会話を「スマホに頼りすぎる人」の危うい思考

同調できているようで実は成立していない

一見、同調しあっているようでいて、実は一切コミュニケーションが成立していないやりとり。これってどうなんだろう。どんどん人間を簡略化している気がする。

スマホの写真機能は使えても“体”験できない

言葉を使って相手に語る機会が減ってしまうと、今度は、自分の体験や感情を、自分でこまやかに認識するということ自体ができなくなっていくのではないかと思う。
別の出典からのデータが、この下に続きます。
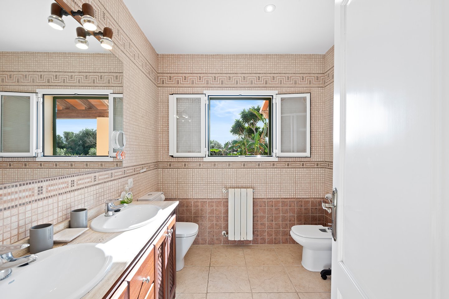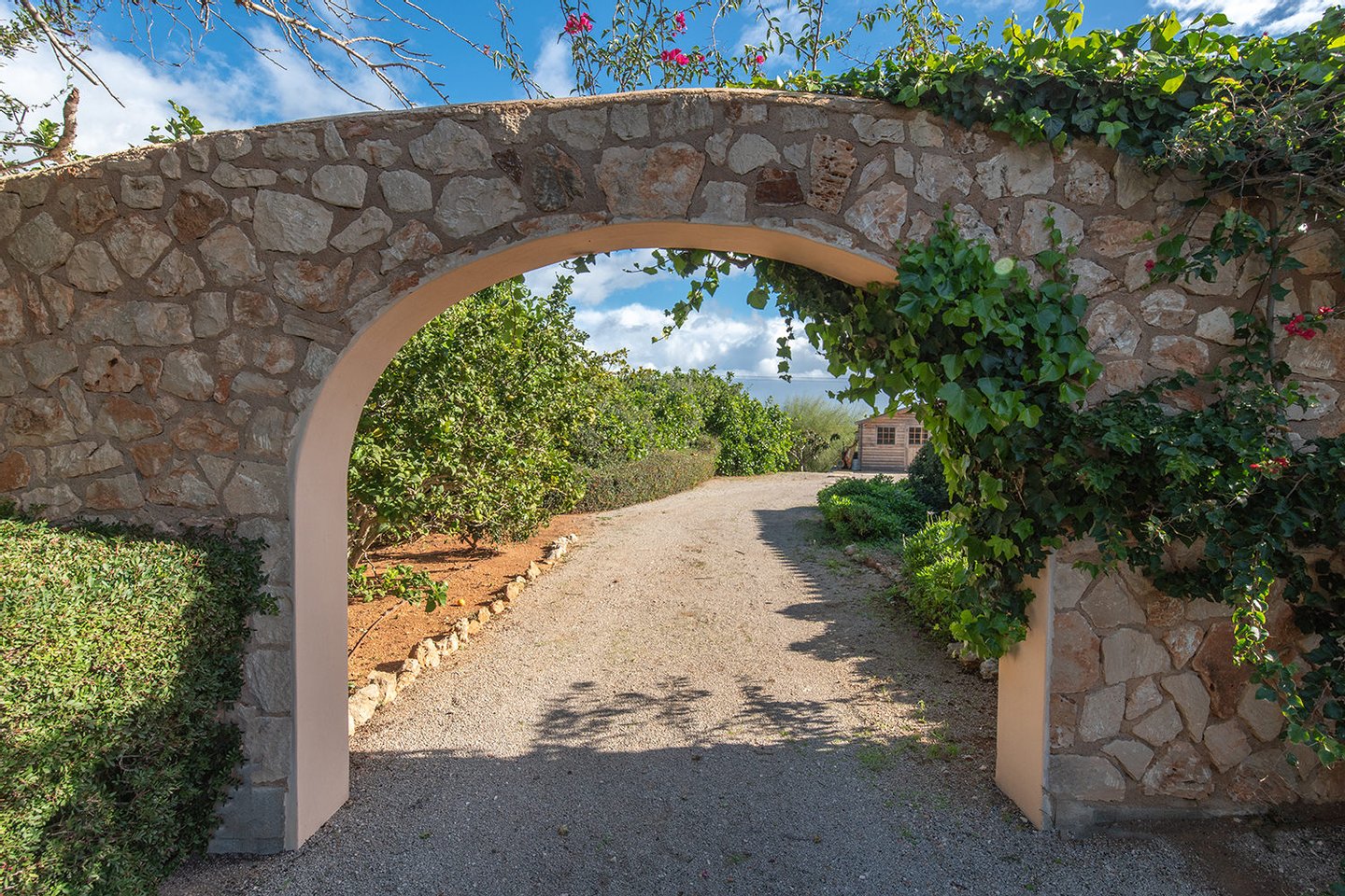 Mit vielen Palmen und In üppigen Grün eingebettet, präsentiert sich diese Finca als charmantes Landhaus. Hier ist traditionelle Architektur harmonisch mit der mediterranen Umgebung verbunden, wozu Natursteinfassaden und Maressteinverkleidungen beitragen.
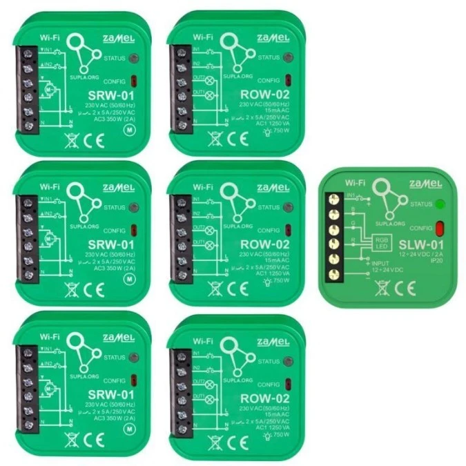 6. SUPLA Zestaw startowy Supla Wi-Fi SRW-01 (3 SZT.) + ROW-02 (3 SZT.) + SLW-01 (1 SZT.) TYP: ZSW-02 SPL10000024 1494.70

東京駅の赤レンガ駅舎を見下ろせるビルのテラスで景色を眺めていたときのことだ。20代前半ぐらいの若い女性2人組が、スマホを片手に「ここヤバーい!」と言いながらテラスに出てきた。

まずは駅舎を写真に撮り、そして、撮れた写真をおのおのがスマホをつついて調整。出来上がった画像をお互いに見せ合った後……帰って行った。肉眼でじっくり駅舎の様子を眺めたりはしないのだ。彼女たちに駅舎を見た感想を聞いても、なにも答えられないと思う。

インスタ映えするかどうかのほうが重要な時代だし、そんなものなのかもしれないが、実際、特に若者には、自分の体験を説明できない傾向が出ているらしい。

知人の元大学講師によれば、スマホを使って自分の見てきたものを人にも見せようとする学生に、「それできみはこれをどう思ったの?」と説明を求めても、言葉に詰まってしまい、自分自身が体験したことなのに、戸惑ったような表情を見せるケースがあるという。

そのうち、海外旅行の写真を人に見せておいて、「これはどこの国?」と聞かれたら答えられない、なんていう人も現れるかもしれない。

臨床心理学の研究では、このような若者の語りの乏しさには、脳の前頭葉の機能低下が相関しているのではないかという見方もあるようだ。だとしたら、感性だけでなく、すでに肉体が老化、いや退化していることになってしまう。

あまりにたくさんの情報があふれるネット生活、その一部には、言葉で語らずやり取りする手段はあってもいいと思う。でも、そればかりが主流になっていくと、どんどん人間は反射的な動物になって、機能そのものが衰えてしまうのではないか。

面倒に思っても、できるだけ言葉で語る意識を保っていたいところだ。リアル世界での“SNSしぐさ”に、ご注意を。